De très nombreux internautes ont réagi à la diffusion du documentaire qui a bénéficié d’un écho retentissant. Très attendu du fait d’une intense campagne de promotion qui l’annonçait, le programme a été suivi en direct par près de 14 millions d’internautes sur les comptes de la chaîne al-Jazeera sur les réseaux sociaux. Le premier épisode culmine déjà à près de trois millions de vues sur la plateforme Youtube et le deuxième bénéficie d’un démarrage presque équivalent au précédent.

Mais ce qui ressort comme conclusion pour beaucoup d’éditorialistes et de personnages influents sur Twitter est que l’histoire se répète.
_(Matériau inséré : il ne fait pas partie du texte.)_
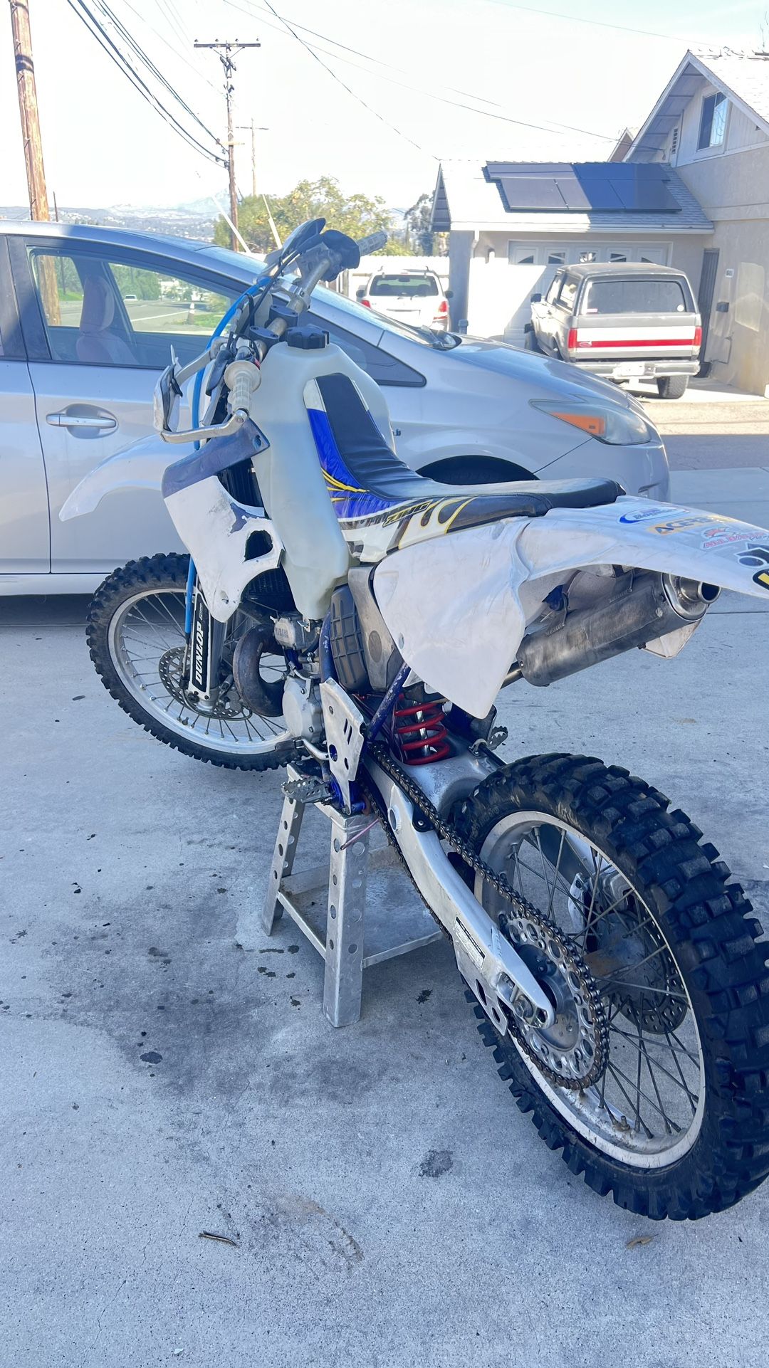 This bike runs amazing it has a lot of power 💪 It’s has a aftermarket parts - handle bars -3.8 gal gas tank -nibbi carb 38 mm pwk it has a fast flow for the power band so it gets more gas when more RPM -seat cover - bark busters -boysen reeds -comes with extra rim and tire good condition -has new peckcock  I have done a lot of work to the bike I redid the suspension new seals front and rear I cleaned the power valves all the carbon off, it has a green sticker I RE-GREASED ALL THE BEARINGS ALL THE PIVOT POINTS ETC The plastics are a little scuffed but what do you expect it’s a 30 year old bike,it can be replaced,low ball offers will be ignored LMK if you have any questions 1,800 OBO

Comme l’affirme Jaber al-Harami, directeur de la rédaction du journal al-Sharq au Qatar, les responsables de la tentative du coup de force sont exactement les mêmes que ceux qui ont cherché, plus de vingt ans plus tard, à commettre le même forfait en imposant un strict blocus destiné à faire tomber le régime et mettre le pays sous tutelle. Avec de tels commentaires, pas sûr que l’heure soit à l’apaisement entre des frères ennemis dont la crise ouverte il y a près d’un – la pire que le CCG ait connu depuis sa naissance en 1981 – n’est peut-être qu’à ses débuts.